Schema Sniffer – Structured Data Finder & JSON Extractor

Mudos Digital Mudos Digital
12 min read

Every webpage contains hidden metadata—structured data tucked inside JSON-LD scripts, microdata attributes, RDFa markup, and social meta tags. This data is invisible in the browser but controls how search engines rank your content, how social platforms display your links, and how web applications understand your pages. Schema Sniffer is a one-click bookmarklet that exposes all of it. No more digging through HTML source code or using clunky online validators. Just click the bookmarklet and see exactly what structured data is on the page: all JSON-LD schemas, microdata items, RDFa triples, Open Graph tags, and Twitter Card metadata in one organized panel. Perfect for SEO audits, competitive analysis, schema debugging, or verifying your markup is correct. Extract the data, copy it, download it as JSON—all from your browser in seconds.
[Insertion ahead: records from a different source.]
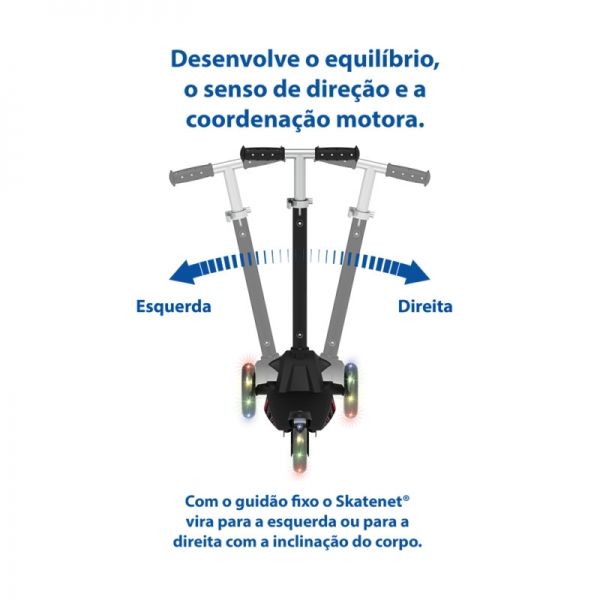 Muitas crianças e adultos adoram andar de patinete, e isso é ótimo, porque é uma opção divertida e que ajuda todo mundo a fazer exercícios. Agora, para aproveitar o melhor que essa brincadeira pode trazer é importante escolher um patinete seguro e prático. O Patinete Skatenet Max da Bandeirante é perfeito para as manobras mais radicais! Ajuda no desenvolvimento do equilíbrio, no senso de direção e na coordenação motora. Com o guidão fixo o Skatenet vira para a esquerda ou para a direita com a inclinação do corpo, conta com 3 rodas com luzes de LED, que acendem com o movimento (Não necessita bateria), uma base com textura para maior aderência e segurança, suspensão dianteira, guidão com regulagem de altura e freio traseiro para garantir a segurança. Certificado pelo INMETRO, trata-se de um brinquedo seguro e ótimo para presentear.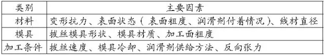 表1 影响拔丝加工生产效率和拔丝质量的主要因素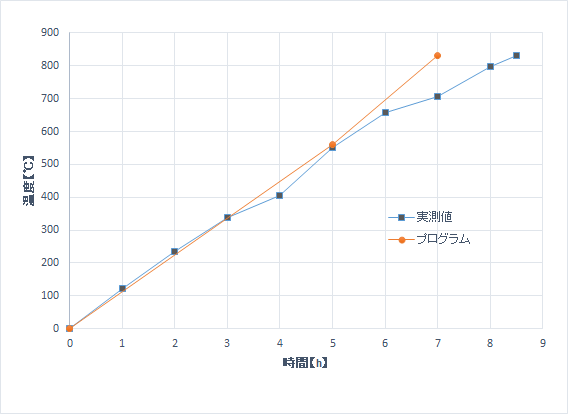 上絵付焼成 温度遷移 2022年2月11日 最終更新日時 : 2022年2月13日 aotsuki-392 前回の記事 前々回の記事 のときの焼成温度遷移をグラフ化してみました。 プラグラムよりは1時間ほど遅れて終了ですが、まあこれぐらいなら許容範囲。 前の記事でも書きましたが、これでは上絵の具がうまく焼き付いていなかったので、次回はねらし時間を30分ほどとって再挑戦です。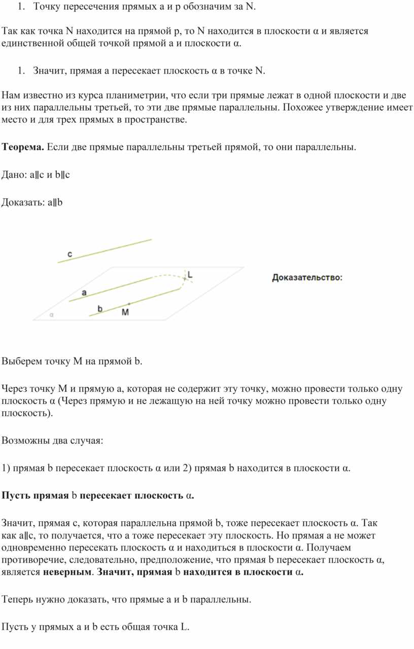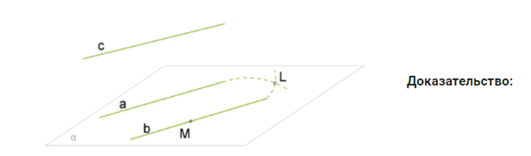 Это означает, что через точку L проведены две прямые a и b, которые параллельны прямой c. Но по второй теореме это невозможно. Поэтому предположение неверное, и прямые a и b не имеют общих точек.

A screenshot of the Schema Sniffer bookmarklet running on a music website showing a dark-themed overlay panel on the right side of the screen. The panel displays extracted structured data in JSON format with statistics showing "JSON-LD: 2 · Microdata: 0 · RDFa: 1 · OG: 7 · Twitter: 3" in the header. The main page content shows a music track titled "Borderline" by Tame Impala with album artwork, singer information, release date, genre tags, language options, and playback controls visible on the left side of the screen. Control buttons in the bookmarklet include green "Copy JSON" and blue "Download" buttons, along with gray "Collapse" and "Close" buttons. A textarea displays the raw JSON output containing MusicRecording schema data with properties like name, artist, album, and image URLs.
Schema Sniffer in action on Arcuras.com – The bookmarklet panel displays all structured data extracted from a music track page, including 2 JSON-LD schemas, 1 Microdata item, 1 RDFa triple, and 7 Open Graph tags, with options to copy, download, collapse, or filter by schema type.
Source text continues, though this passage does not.